A scan mirror may be arranged in the optical channel 140-i between the grating structure and the outside of the LIDAR system 200. The scan mirror may be configured to be movable, e.g. rotatable, to scan the environment of the LIDAR system 200. Alternatively, or in addition, the grating structure may be configured to be movable, e.g. a movable reflection grating.
Further, a quarter wave plate (QWP) or half wave plate (HWP) may be arranged in the light path between the grating structure and the scan mirror.
The LIDAR system 200 may further include a controller. The controller may be configured to control various electronic components, e.g. the light source, optical amplifiers, or other controllable optical components, e.g. a shutter. The controller may be an application specific integrated circuit (ASIC), as an example. The controller be formed from, integrated in or mounted to the semiconductor photonic substrate 102. However, the controller may also be located outside of the PIC 100.

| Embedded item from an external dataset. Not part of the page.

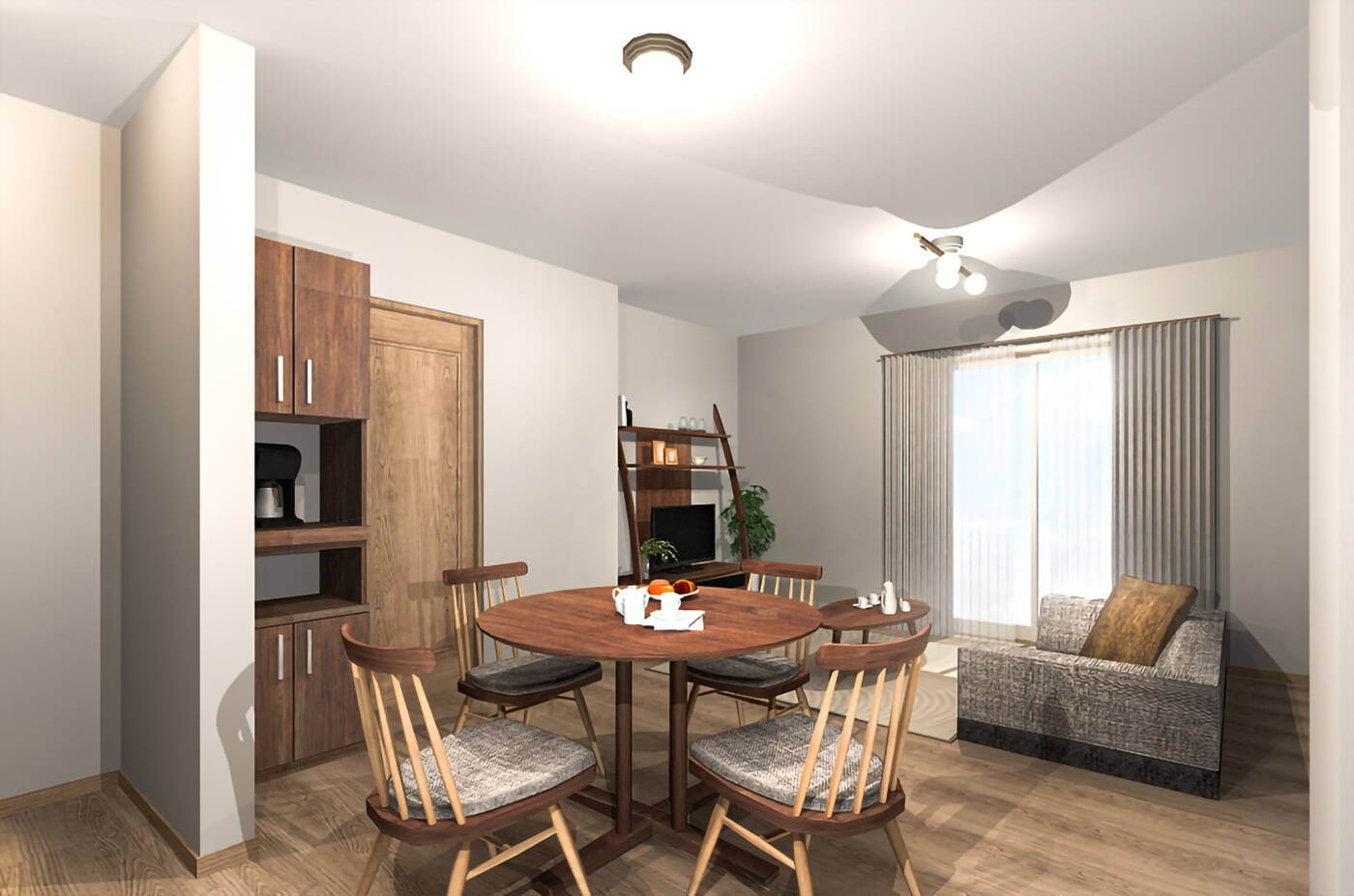 上質なウォールナットの家具で大人の落ち着いた空間としつつも、丸みのあるフォルムの天井照明で柔らかい空気感を演出させて頂きました(⌒∇⌒)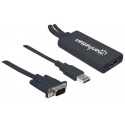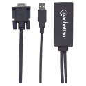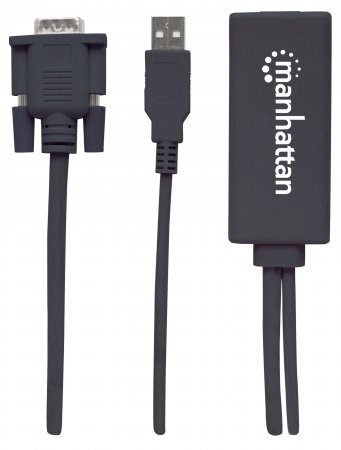 The Manhattan VGA and USB to HDMI Converter translates analog PC audio/video signals to HDMI format for compatible projectors, flat-panel HD displays, televisions and more. Advanced built-in circuitry lets you easily enjoy PC-based media on high-definition displays or TVs and maintains simultaneous A/V reception at the source PC. High bandwidth capability supports video resolutions up to 1920 x 1080 and 1080p@60Hz, serving beautifully for training, retail and trade-show purposes. Quick Plug and Play installation and Windows and Mac compatibility means the Manhattan VGA and USB to HDMI Converter makes it easy to deliver digital content stored on any desktop and notebook computers.

Using a multiple (M) wavelength light source 400 and the grating structure, the number of LIDAR channels may be increased by a factor of M for a given PIC 100 to achieve a desired high number (for example more than 16, e.g. more than 32) of vertical resolution elements or pixels. Hence, a high-performance coherent LIDAR system 200 is achieved. In general, using N parallel optical channels 140-N and M wavelengths in a wavelength-multiplexed LIDAR system 200 results in a total of M*N angular outputs. Hence, the LIDAR system 200 may have a high (>1M pixels/s) overall or effective data rate. The number of PIC channels N to increase the number of vertical resolution elements (or reduce the cost by using fewer or smaller PICs) is readily scalable. The coherent LIDAR with the light source 400 implemented on a silicon PIC will (uniquely) enable the high performance and pricing required by customers for autonomous vehicle applications.
The wavelengths provided from the light source 400 may differ by a few A to a few nm from each other, as an example. The LIDAR system 200 may include one or more light source(s) 400 configured to emit electromagnetic radiation of different/multiple wavelengths/frequencies. The light source 400 may be tunable via a controller to emit light of different predetermined wavelengths.
The optical paths on the PIC may be branched from at least one input 104 to the plurality of outputs I/O. The branching of light 116 from the light source (see also FIG. 2) may be realized by a plurality of optical amplifiers, e.g. SOA, a plurality of optical splitters and a plurality of waveguide structures. The at least one optical splitter may be configured to branch light received at the at least one light receiving input 104 to a plurality of optical channels 140-N. In each optical channel 140-i of the plurality of optical channels 140-N, the photonic integrated circuit 100 may include at least one amplifier structure to amplify the light in the light path to provide an amplified light. Each light path of the plurality of light paths may include at least one light output I/O configured to output the amplified light from the photonic integrated circuit 100 towards the lens of the optical system 300. Each optical channel 140-i of the plurality of optical channels 140-N may include at least one photo detector configured to receive light 122 from the outside of the photonic integrated circuit 100. The at least one photo detector 112 may be located next to the at least one light output I/O, e.g. integrated in the common semiconductor photonic substrate 102.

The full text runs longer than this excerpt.